EXTENSION – 1/14/25 – LINK
- The SPAC elected to use its available auto extension from January 23, 2025 to April 23, 2025.
- $575,000 was deposited into the trust account.
SUBSEQUENT EVENTS – 9/5/24 – LINK
- The Termination Fee was increased to $2,000,000.
TRANSACTION
- Hotel101 is expected to have an equity value of over US$2.3 billion following completion of the transaction, which is expected to close during the second half of 2024 subject to regulatory and shareholder approvals and other customary closing conditions.
SPAC FUNDING
- There is no additional funding at this time.
EARNOUT
- Company
- If PubCo’s reported consolidated revenue for fiscal year 2025, as set forth in its annual audited consolidated financial statements, is at least $113.25 million, then PubCo, at its option, may issue in the aggregate up to an additional 500,000 ordinary shares (the “Earnout Shares”).
- Parties agree that fifty percent (50%) of the Earnout Shares will not be subject to any lock-up arrangement, and the remaining fifty percent (50%) of the Earnout Shares shall be subject to a lock-up period of six (6) months from the date of issuance.
- If PubCo’s reported consolidated revenue for fiscal year 2025, as set forth in its annual audited consolidated financial statements, is at least $113.25 million, then PubCo, at its option, may issue in the aggregate up to an additional 500,000 ordinary shares (the “Earnout Shares”).
LOCK-UP
- Company and Sponsor
- Parties agree to enter into a lock-up agreement in the form and substance to be mutually agreed upon by JVSPAC and DoubleDragon at the closing of the Transactions.

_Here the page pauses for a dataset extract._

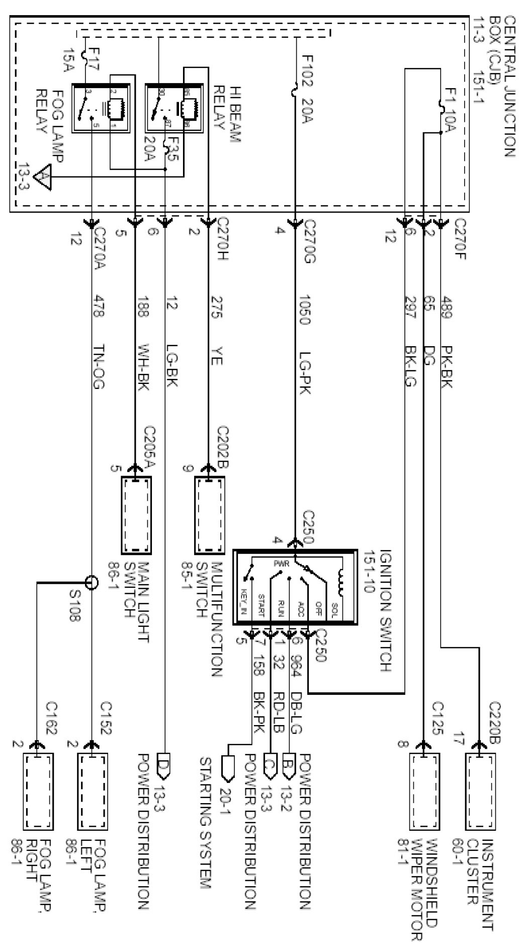 Each set normally starts with the component that powers the circuit, such as a fuse or the ignition switch. Current flow is shown from the power source at the top of the diagram to ground at the bottom of the diagram. A full representation of the power supply of a fuse or the power distribution from a fuse to various components is given in the Power and Ground Distribution Diagrams. Full representation of the ground connections are shown in the Power and Ground Distribution Diagrams.

NOTABLE CONDITIONS TO CLOSING
- There is no minimum cash closing condition.
NOTABLE CONDITIONS TO TERMINATION
- If SPAC doesn’t secure Nasdaq approval within 60 days after the SEC approves the Registration Statement or by January 23, 2025, whichever comes first, due mainly to DoubleDragon’s listing on the Philippine Stock Exchange, then SPAC is at fault.
Termination Fee
- DoubleDragon must pay SPAC a Termination Fee of US$1,000,000 upon receiving a written notice from the terminating party.
- Additionally, if SPAC terminates the Agreement under Section 12.1(h), DoubleDragon must pay a Premium Termination Fee of US$2,000,000 to SPAC upon written notice.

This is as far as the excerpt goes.